Serving as representatives for Helping Hands, Gilmore and Landy were invited to the Community Foundation’s recent press conference that announced the 2022 grant winners.The $14,850 the organization received will be used to support 19 participants in Level Up, the organization’s job-readiness program for Medicaid-eligible youths, which begins in January.
Level Up is a two-part program, where January through May, participants meet with facilitators to receive instruction on business etiquette, interview skills, resume writing, career exploration, college selection, financial aid for post-secondary education, problem solving in the workplace, and the impact of stress on physical and mental health.
In June, participants receive subsidized work experience at a local business, nonprofit or government office.

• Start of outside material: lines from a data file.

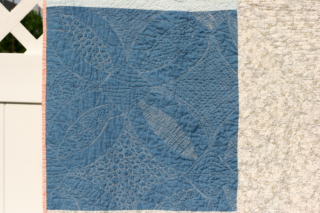 But so worth it. I free motion quilted this baby, and every section of white is a different quilting pattern (I repeated a handful of motifs throughout).
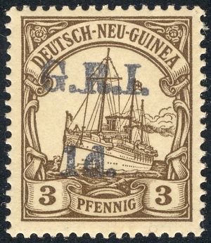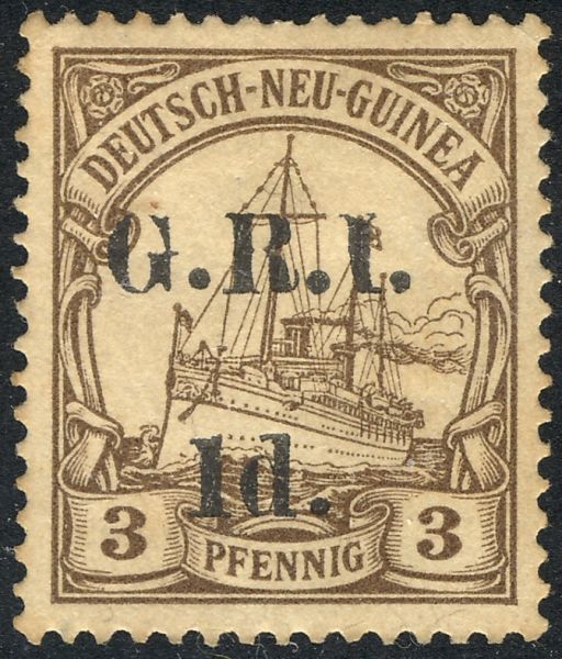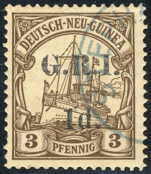New Britain Genuine« Back1914 New Britain #1, Genuine![]() (1.) First setting of October 17, 1914. (2.) Ink of the surcharge is dark (black). (3.) The letters "G.R.I." are 3.3 mm tall. (4.) The space between the lines of the surcharge is 6 mm. (5.) The period after the denomination is farther away from the "d". (6.) Exp: APS certificate. (7.) Notes: do 1914 New Britain #16, Genuine![]() (1.) Second setting of December 16, 1914. (2.) The letters of "G.R.I." are 3.3 mm tall, the same as #1. (3.) The space between the lines of the surcharge is 5 mm. (4.) The period after the denomination is relatively far away from the "d". (5) Exp: APS certificate. (6.) Notes: do |
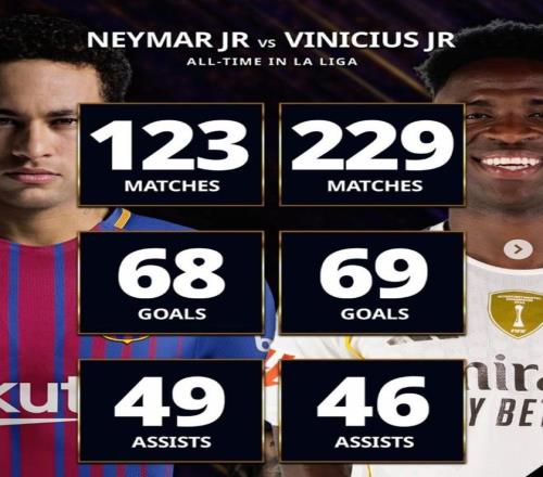 巴西天才西甲数据比照:内马尔123场68球49助 ,维尼修斯229场69球46助
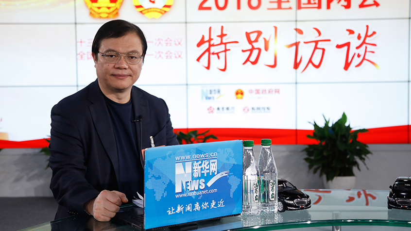 ??????? 全國人大代表、康恩貝集團有限公司董事長胡季強做客新華網2018全國兩會特別訪談 新華網 楊锘攝

Students receive a small stipend for their participation in the program, but it makes a significant impact, according to Landy.
“The economic impact of $150 a week in the house of a family whose annual income is $15,000 to $16,000 is tremendous. These young people are taking the burden of financing a lot of things off of their parents over the summer just by having this little part-time job,” Landy said.
“If your parent is making minimum wage or 10 bucks an hour, that’s $20,000 a year. And you’re talking about this young person bringing in $1,500 over the course of a year in stipends and summer work experience. That’s pretty cool. And in the end, they wind up with something to put on a resume.”
Participants are more likely to get and keep an unsubsidized job after participating in the Level Up program, according to Helping Hands.
“Studies show that early work experience and training for youth can result in less unemployment later in life and can increase career advancement. Another study indicates that every 16-year-old that is unemployed costs taxpayers up to an additional $250,000 over their lifetime,” said Gilmore.
“Also, evidence provided by the U.S. Office of Adolescent Health shows that youth who are enrolled in school and participating in other learning programs in out-of-school times are less likely to become parents. Level Up works in tandem with our other research-based programs to help enrich and educate our working-age youth towards better employment readiness and opportunities.”
Gilmore is forever thankful to the MPA program for introducing her to Landy. The two met at the MPA program’s annual career panel event, which Landy is regularly invited to speak on as a successful alumna. Recognizing Gilmore’s interest in nonprofits, Dr. William Hatcher introduced the two and arranged a formal mentorship in early 2020.
To Gilmore, working with Helping Hands was a perfect fit. Growing up in New Ellenton, South Carolina, she was raised in a single-parent home on a single-parent income, and understands the impact of programs like Level Up.
Working with Landy and earning this grant funding has given her the courage to trust — and to volunteer — her talents.
“Everyone has a skill, even if they’re not using it professionally,” Gilmore said.
“Whether you’re in construction or you’re a writer or you’re an artist, use it for good in your local community. Because you have that skill, and our community needs it.”